The Savage Riders of Amtrak

By novoarte  |  Location: United States  |  04/08/08

"Maybe you don't like your job/maybe you don't get enough sleep/Nobody likes their job/Nobody got enough sleep/Maybe you just had the worst day of your life/But there's no escape/There's no excuse/So just suck up and be nice..." -Ani Difranco

We dragged our bags and bodies into Union Station and entrenched ourselves in the waiting area between Starbucks and McDonalds. Three hours early for our train: a marital record achieved only because we'd reached the human limit of museum-going and cherry blossom viewing.

The queue for the 8:30 regional train back to New York started to form at 8 PM, and we were third and fourth in line. By 8:25 the line extended outside of the waiting area and past the tie shop, and a second line, and then a third, began to form. A woman returned from the bathroom and chastised her husband for not taking a place in the line. "Hmph! Line!" I heard him say. "When the door opens, just push and go." She rolled her eyes and sighed her own hmph. So did I. As a former Catholic school girl and student of the uber well-mannered Dr. Virginia Uldrick, former director of the South Carolina Governor's School for the Arts, there are a few habits of politeness and social order I'm all but honor-bound to uphold for life.

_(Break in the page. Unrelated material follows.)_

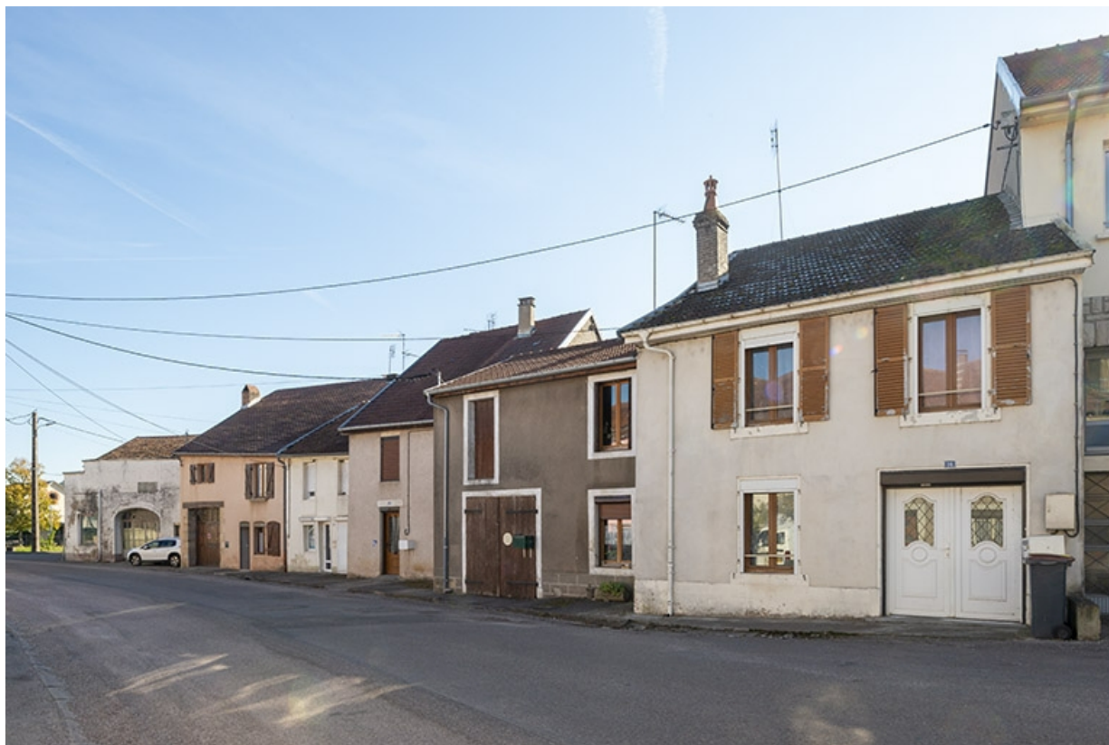
Trois quarts droit des façades des maisons, 16, 18 et suivants, vers le nord-est. 70, Jussey rue de la Pêcherie

Walking down the right side of stairs and waiting my turn are two of those habits, and I'll admit that I become indignant when others violate that deeply held sense of what's right... even if it's not really important in the larger scheme of things.

The door opened and the line surged; Francisco took off at a gallop as a guy elbowed his way in front of me. Francisco had our tickets and I ignored the agent as I reclaimed my "rightful" place in the line I'd earned through waiting. As I did so, I sassed a true New Yorker sentence to the line-breaker that neither Sister Ursula nor Dr. Uldrick would have approved of.

I've long nurtured the fantasy that a train ride is a romantic, laid back, highly civilized form of travel. But between the price of the tickets (I could take the Chinese bus for about $150 less than Amtrak), the fighting for coveted seats by savage riders, and the fact that security is frighteningly permeable, planes are looking better and better.